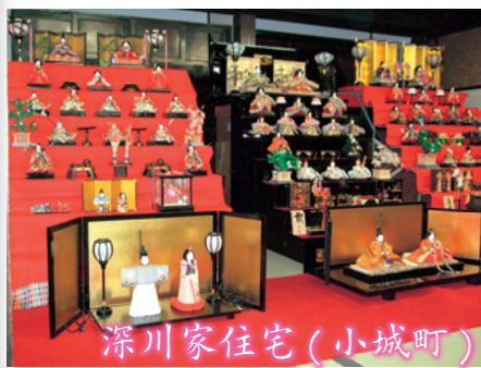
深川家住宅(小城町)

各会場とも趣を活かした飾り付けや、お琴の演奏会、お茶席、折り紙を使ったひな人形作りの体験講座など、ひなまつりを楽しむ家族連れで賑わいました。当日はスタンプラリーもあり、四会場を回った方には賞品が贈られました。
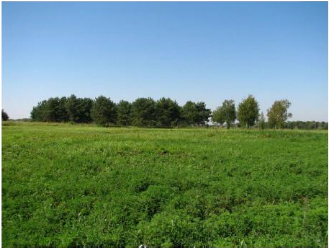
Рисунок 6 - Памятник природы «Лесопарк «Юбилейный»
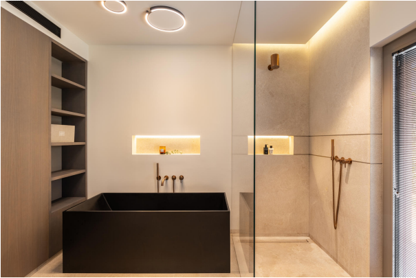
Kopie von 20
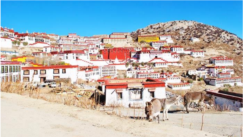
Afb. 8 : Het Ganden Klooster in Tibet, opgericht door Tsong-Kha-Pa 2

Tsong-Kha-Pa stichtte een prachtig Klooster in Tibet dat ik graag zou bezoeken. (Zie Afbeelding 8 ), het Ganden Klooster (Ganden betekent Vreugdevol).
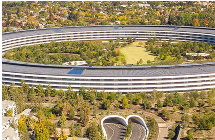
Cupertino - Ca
==
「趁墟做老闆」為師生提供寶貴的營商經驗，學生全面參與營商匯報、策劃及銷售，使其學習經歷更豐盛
==
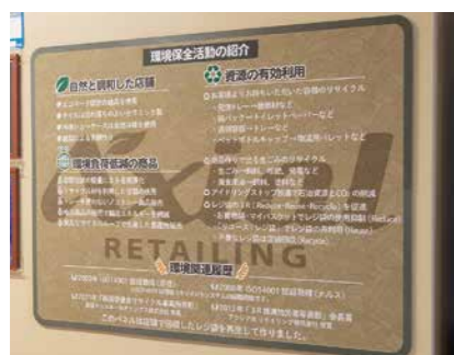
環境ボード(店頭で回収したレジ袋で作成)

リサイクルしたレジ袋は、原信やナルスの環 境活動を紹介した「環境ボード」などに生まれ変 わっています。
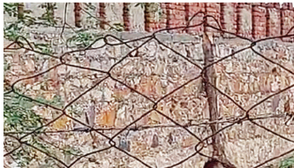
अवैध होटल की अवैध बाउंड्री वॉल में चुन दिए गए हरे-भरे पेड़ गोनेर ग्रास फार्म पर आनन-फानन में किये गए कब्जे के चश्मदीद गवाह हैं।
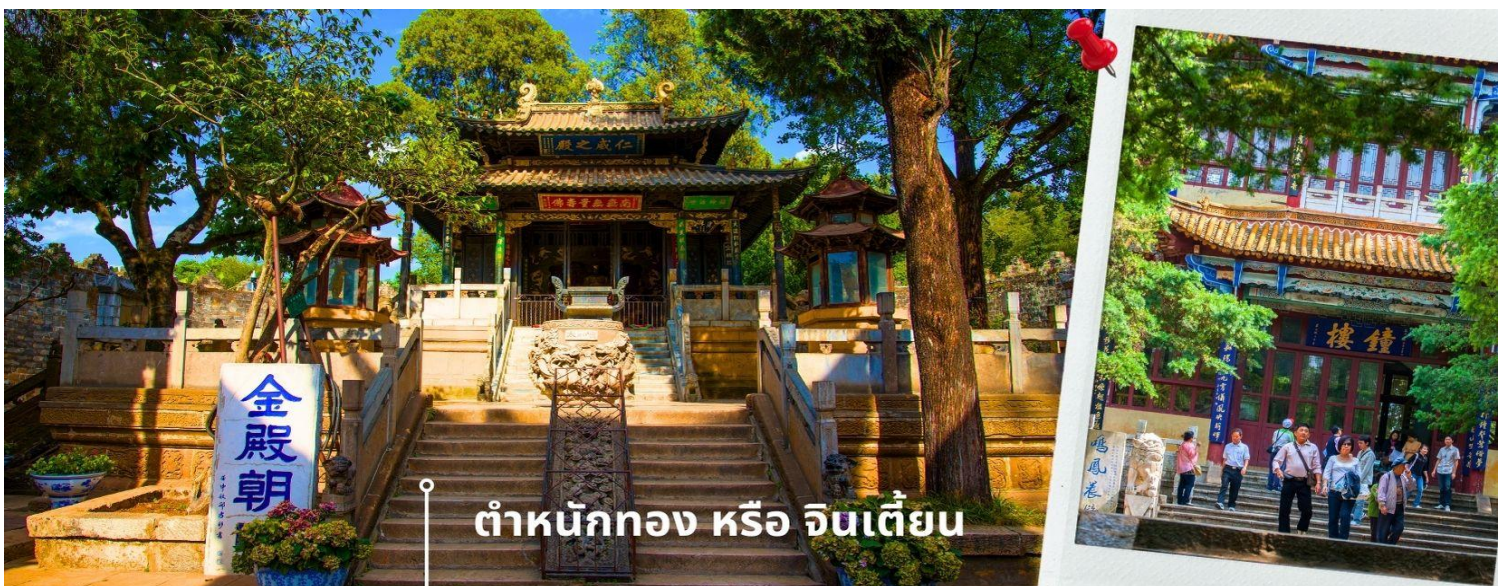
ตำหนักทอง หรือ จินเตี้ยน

*WHAT THE EXERCISE ASKS:* Pictures excluded, give again exactly and only the lines of the material above from the line with "環境ボード(店頭で回収したレジ袋で作成)" through the line with "ตำหนักทอง หรือ จินเตี้ยน".

*YOUR RESPONSE:*
環境ボード(店頭で回収したレジ袋で作成)

リサイクルしたレジ袋は、原信やナルスの環 境活動を紹介した「環境ボード」などに生まれ変 わっています。
अवैध होटल की अवैध बाउंड्री वॉल में चुन दिए गए हरे-भरे पेड़ गोनेर ग्रास फार्म पर आनन-फानन में किये गए कब्जे के चश्मदीद गवाह हैं।
ตำหนักทอง หรือ จินเตี้ยน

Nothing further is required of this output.